Course by Kurt Stüber

Previous, Part 5 ,Next

Reading from files:

Any kind of file can be read from a PERL program and the data therein interpreted, compared, reformatted, used for calculations, etc. The file has to be opened, this means the PROGRAM has to learn the name of the file, and attaches a filehandle to it. The filehandle is special identifier used only to give a name to the file, to be used for read and write operations.

$myfile = "valueable_data.txt";
open( INFILE, $myfile ); 

The variable INFILE is the filehandle. When the statement above is executed two things may happen: First the statement might execute correctly, the file named valuable_data.txt is found, opened, and associated with the filehandle. Second the statement might not execute successfully, for instance when the file named valuable_data.txt does not exist. PERL nonetheless continues, even if the file is not found, but any attempts to read data from this file will of course fail. To check if the statement was correctly executed the following variant might be used:

open( INFILE, $myfile ) || die print "The file $myfile was not found\n";

The two bars signify the logical OR and the PERL program now tries to open the file $myfile and if it does not succeed it dies gracefully after writing a helpful error message.

After the file is opened data can be read from it. The following code reads all lines from a file and writes them to the output window:

while( <INFILE> )
   {
   $current_line = $_;
   chomp $current_line;
   print "$current_line\n";
   }

The special variable $_ is the current line read from INFILE. You may think of a kind of pointer, that always points to the start of the current line. When this line is read the pointer jumps to the start of the next line. The function chomp takes off any carriage return at the end of a string. If the string does not contain a carriage return, nothing is taken off. When the current line printed to the screen this carriage return has to be added again by \n.

Writing to a file:

Again the file to be used for writing has to be declared beforehand:

open( OUTFILE, "> $myfile" ) || die print "The file $myfile was not found\n";

The only difference to the open-statement for the input file is the greater than symbol (>) in front of the file name.
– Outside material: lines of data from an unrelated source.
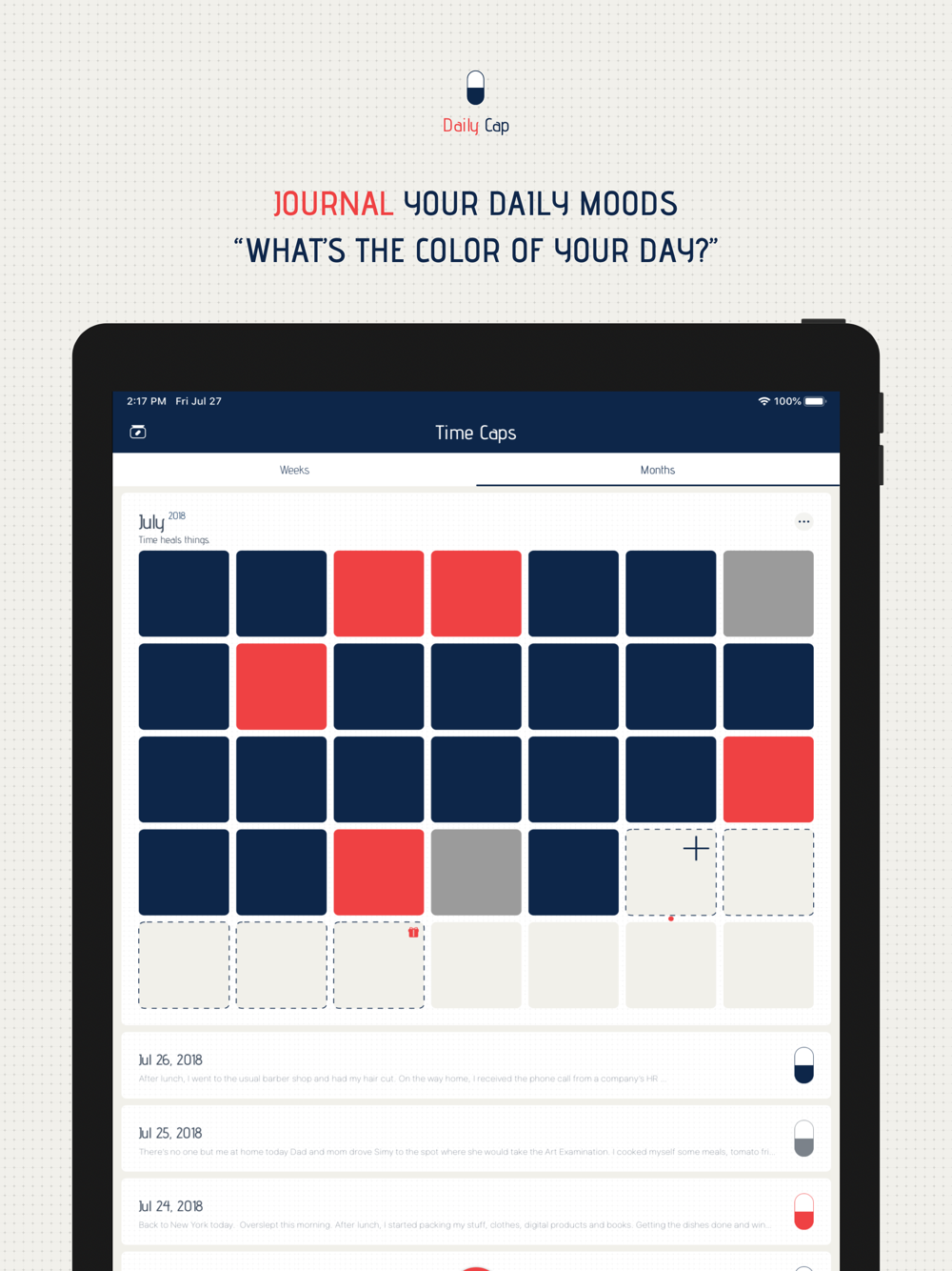 * Day Grid: Display journals in grids. Fill your lovely life with colorful daily caps.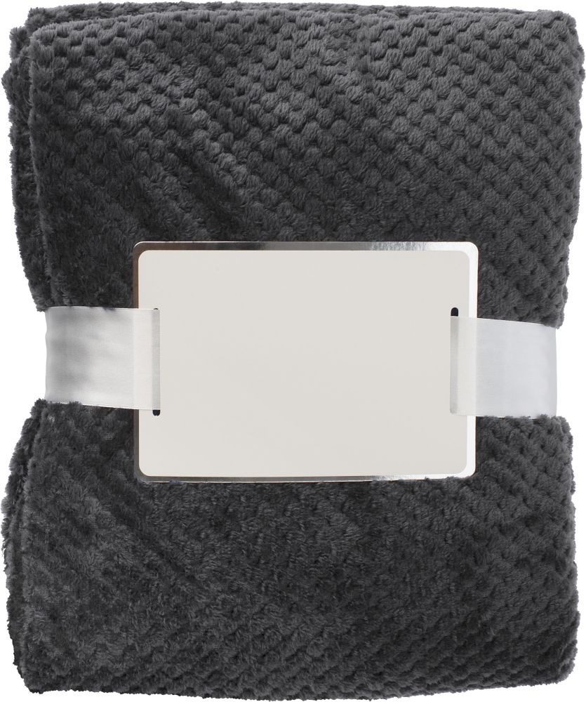 Fleecová deka s vaflovým designem, gramáž 230 g/m2, převázaná stuhou s kartičkou k potisku. Rozměry: 150 × 120 cm.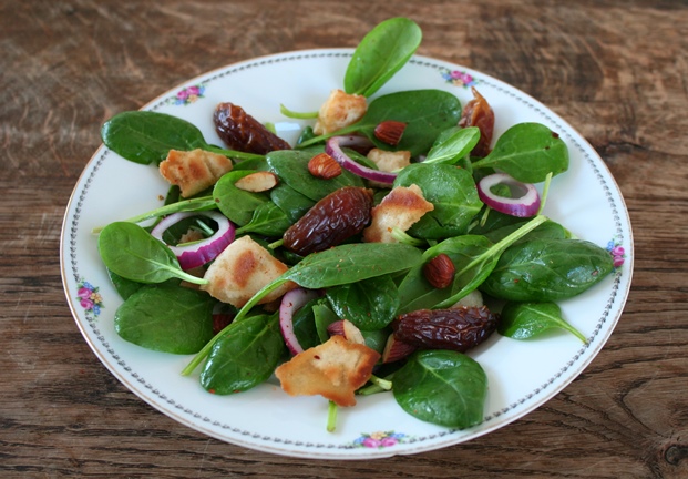 Ottolenghi’s salade van jonge spinazie met dadels en amandelen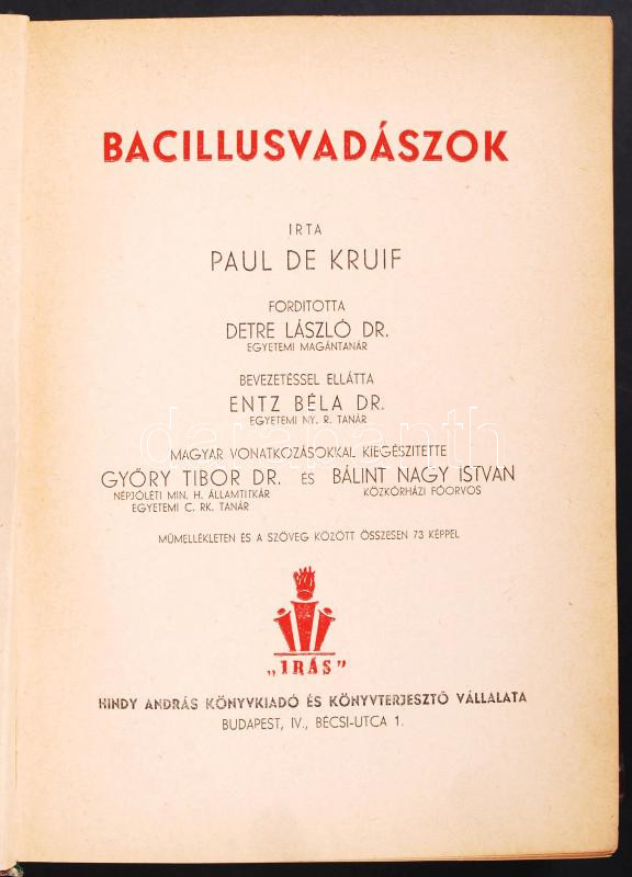 De Kruif: Bacillus vadászok, Ford.: Detre László. Bev.: Entz Béla. Magyar vonatkozásokkal kiegészitette: Győry Tibor, Bálint Nagy István. Bp., 1933, Gutenberg, Félvászon kötésben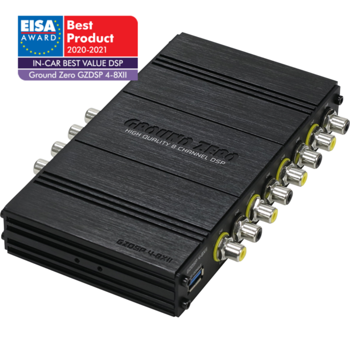 Digital signal processor with four channel high-level or RCA input, USB connection, optional remote control and auto-on function

If you declare an existing file for writing, than the data in this file will be lost and overwritten. You cannot declare a file for input and output simultaneously. The only variant is to open an existing file for output and appending the written data to the end of the file:

open( OUTFILE, ">> $myfile" ) || die print "The file $myfile was not found\n";

Here the two greater-than symbols (>>) indicate that data have to be appended. The file must exist before the program runs, and the file need not be empty. Any data in the file will be preserved and the new data added at the end.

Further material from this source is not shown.